Depictions of obsessive compulsive disorder (OCD) in entertainment are familiar: Someone methodically soaps up and rinses off their hands four times, or has to open and close a door seven times before leaving a room. They’re particular about their forks and chairs, and establish precise routines from which they can’t bear to deviate.
These rituals reflect compulsions, the behavioral component of the disorder marked by an unyielding and irrational need to perform certain actions, typically in repetition. The obsessions that comprise the mental part of the disorder are less ripe for on-screen dramatization, but no less debilitating. In fact, it’s often hard to tell whether the mental or behavioral aspect, or both, account for problems associated with OCD. Case in point: disturbed sleeping.
Sleeping issues are actually not considered a core feature of OCD. Still, sufferers frequently complain that they can’t sleep, which has prompted an uptick in research on the connection between insomnia and OCD. Resulting studies have consistently shown OCD sufferers as having higher-than-normal rates of insomnia, among other sleep issues, such as delayed sleep phase disorder.
Research differs as to which aspect of OCD primarily hampers the process of falling and staying asleep. The disorder is complex to begin with, and people with OCD frequently have a secondary diagnosis of depression — a condition that, as Van Winkle’s has reported, already has a fraught relationship with rest.
One study, published in the Journal of Psychiatric Research in 2014, implicated obsessions as the likely culprit behind disturbed sleep. Based on patients’ self-reported assessments, researchers found a link between insomnia symptoms and obsessive thoughts, but not compulsive behavior.
Then again, in a 2011 study on pediatric OCD, researchers found a strong correlation between insufficient sleep and severe compulsive behavior.
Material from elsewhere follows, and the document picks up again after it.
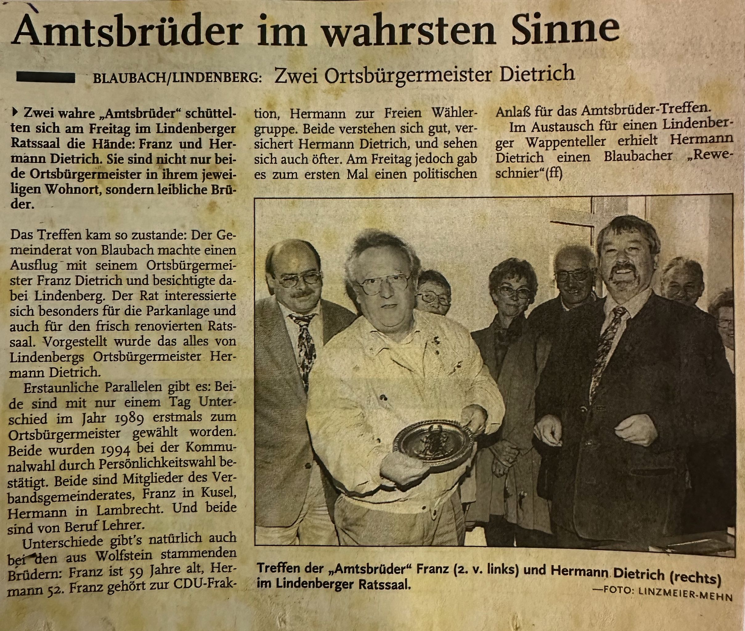 Artikel über das Zusammentreffen der beiden Amtsbrüder Franz und Hermann Dietrich in Lindenberg.

While kids with OCD sometimes only exhibit compulsions (without the obsessions), the study reflected children with both the mental and behavioral symptoms.
Some researchers say it’s prohibitively difficult at this point to parse co-existing depression and OCD in attempts to flesh out the roots of sleeping issues. Others, however, essentially say they’ve eliminated depression from the equation and still found a strong OCD-insomnia connection.
Clashing findings aside, one conclusion remains consistent across the research: We need more of it.